Drop the images; return everything else in the listing below exactly.

*Information provided*.
= = =

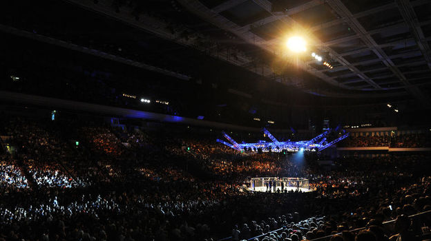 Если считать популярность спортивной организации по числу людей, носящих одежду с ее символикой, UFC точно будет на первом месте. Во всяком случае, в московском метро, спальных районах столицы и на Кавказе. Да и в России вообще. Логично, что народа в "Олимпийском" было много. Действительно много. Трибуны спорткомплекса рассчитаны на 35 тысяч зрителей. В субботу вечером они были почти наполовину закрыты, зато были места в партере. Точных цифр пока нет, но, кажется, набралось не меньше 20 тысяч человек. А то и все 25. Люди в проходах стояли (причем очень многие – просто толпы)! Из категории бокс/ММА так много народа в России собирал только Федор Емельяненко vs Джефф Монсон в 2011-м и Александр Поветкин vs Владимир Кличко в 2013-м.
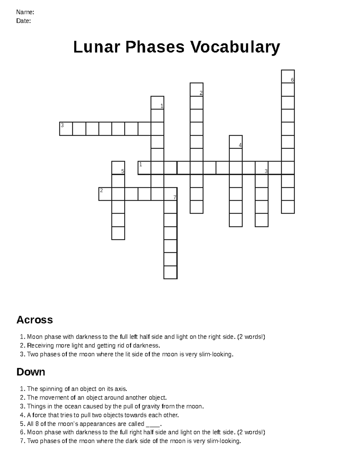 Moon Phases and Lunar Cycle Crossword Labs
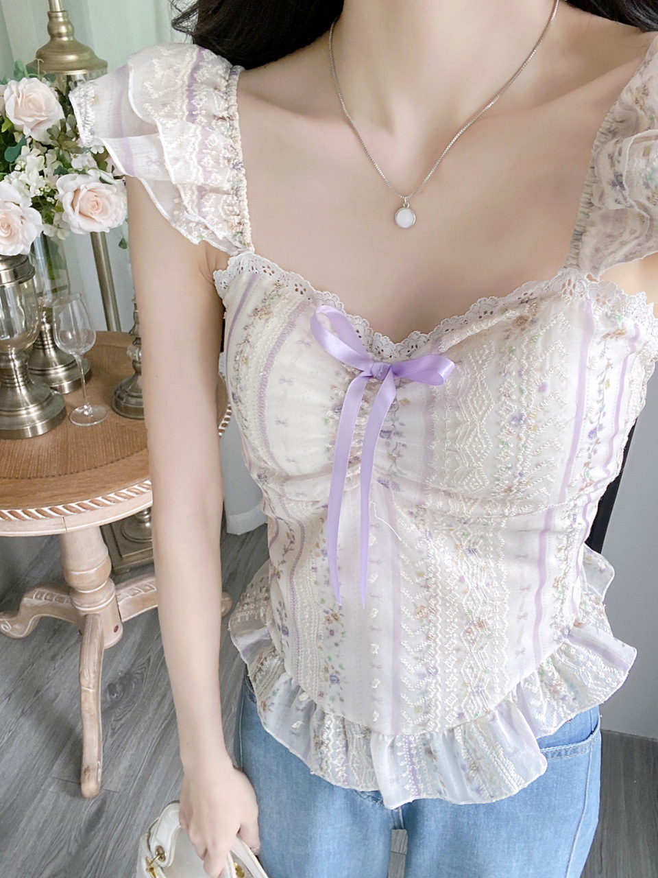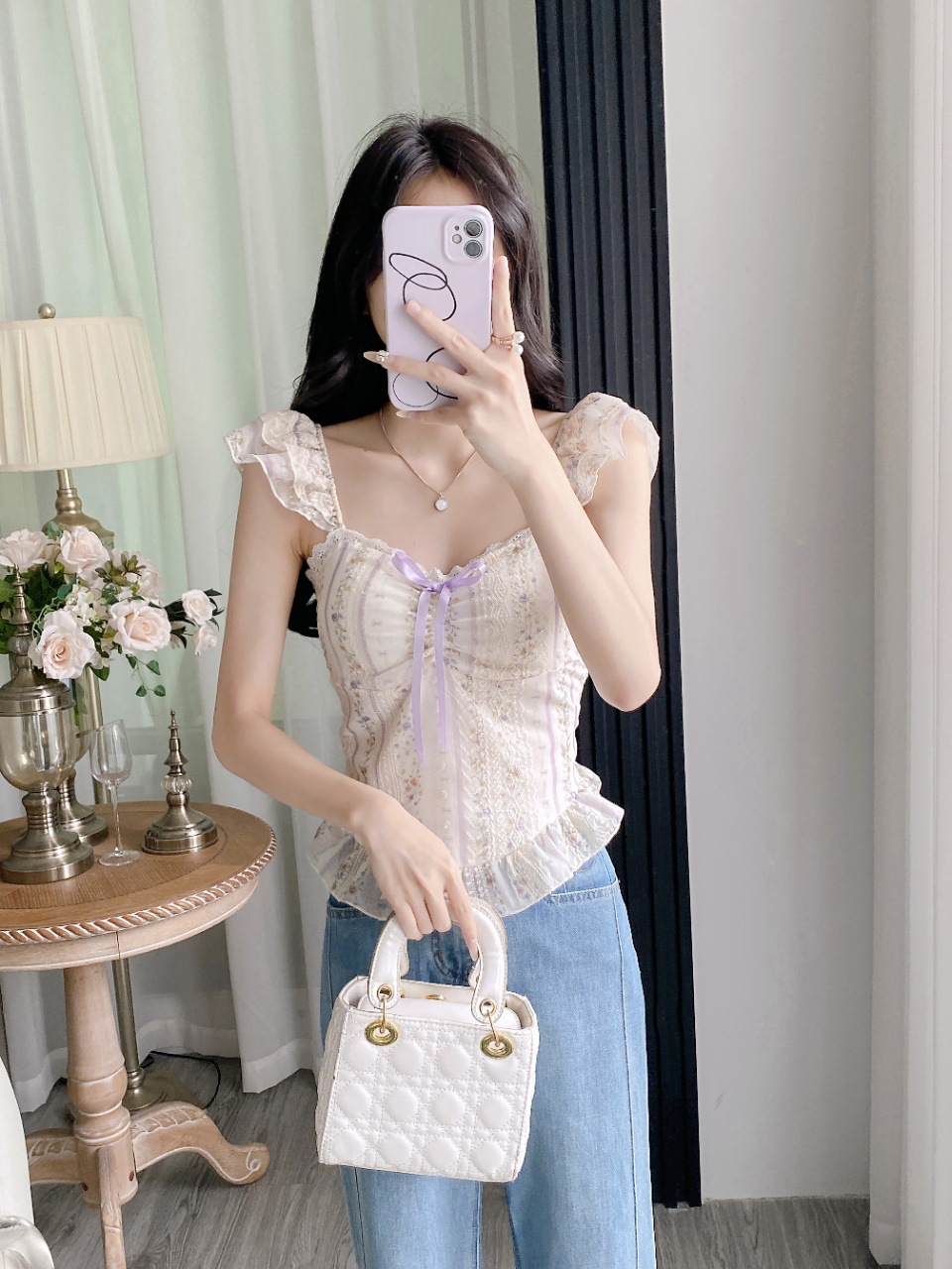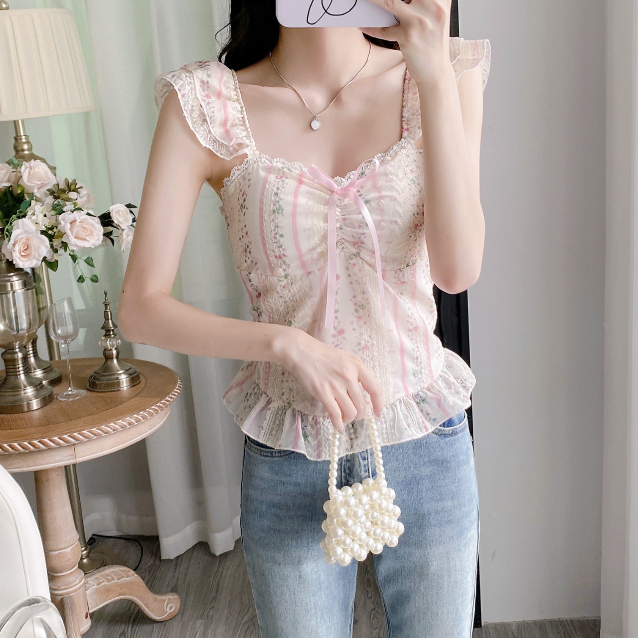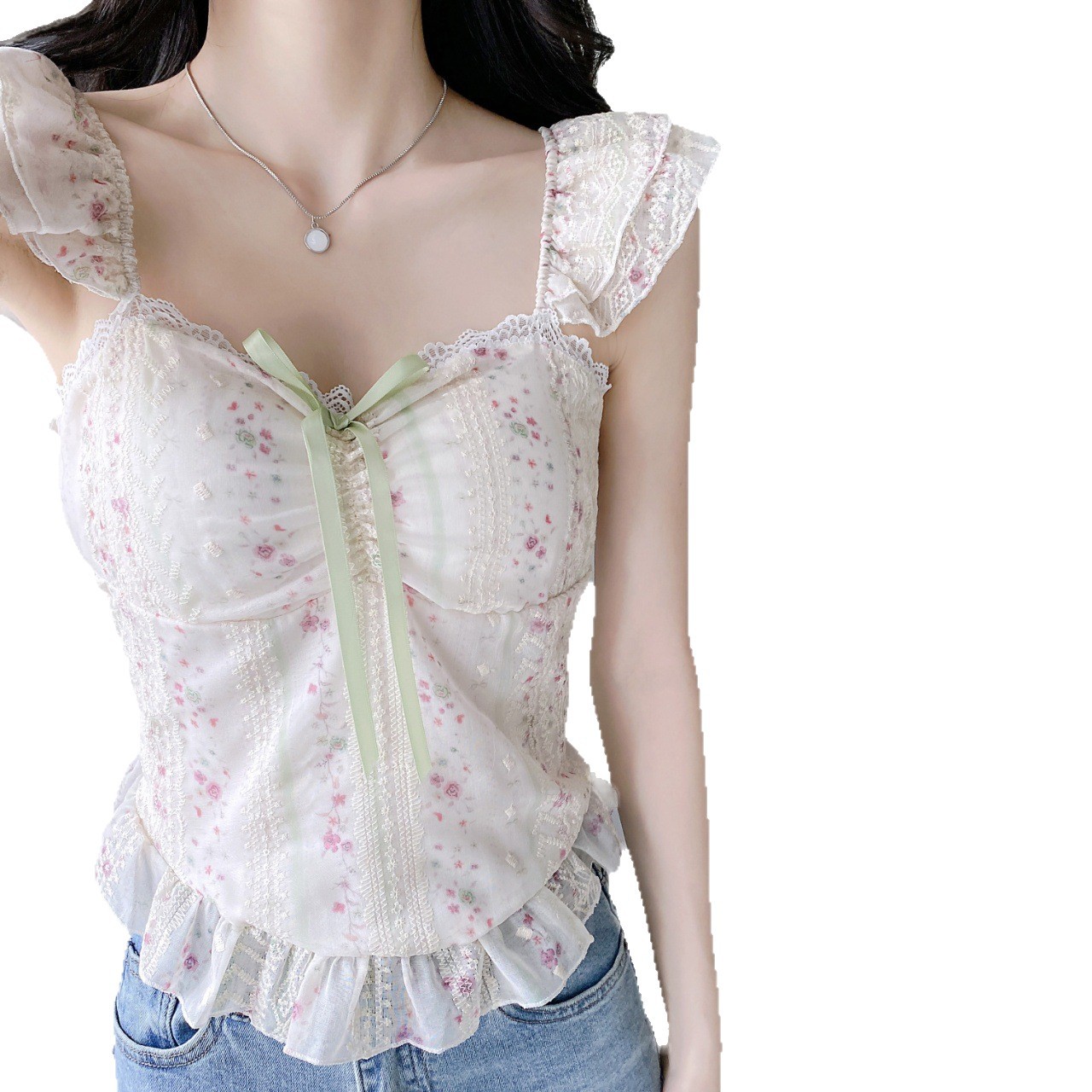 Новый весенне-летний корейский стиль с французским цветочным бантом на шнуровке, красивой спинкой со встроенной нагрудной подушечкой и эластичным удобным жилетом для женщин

= = =

*Problem solution*.
 Если считать популярность спортивной организации по числу людей, носящих одежду с ее символикой, UFC точно будет на первом месте. Во всяком случае, в московском метро, спальных районах столицы и на Кавказе. Да и в России вообще. Логично, что народа в "Олимпийском" было много. Действительно много. Трибуны спорткомплекса рассчитаны на 35 тысяч зрителей. В субботу вечером они были почти наполовину закрыты, зато были места в партере. Точных цифр пока нет, но, кажется, набралось не меньше 20 тысяч человек. А то и все 25. Люди в проходах стояли (причем очень многие – просто толпы)! Из категории бокс/ММА так много народа в России собирал только Федор Емельяненко vs Джефф Монсон в 2011-м и Александр Поветкин vs Владимир Кличко в 2013-м.
 Moon Phases and Lunar Cycle Crossword Labs
 Новый весенне-летний корейский стиль с французским цветочным бантом на шнуровке, красивой спинкой со встроенной нагрудной подушечкой и эластичным удобным жилетом для женщин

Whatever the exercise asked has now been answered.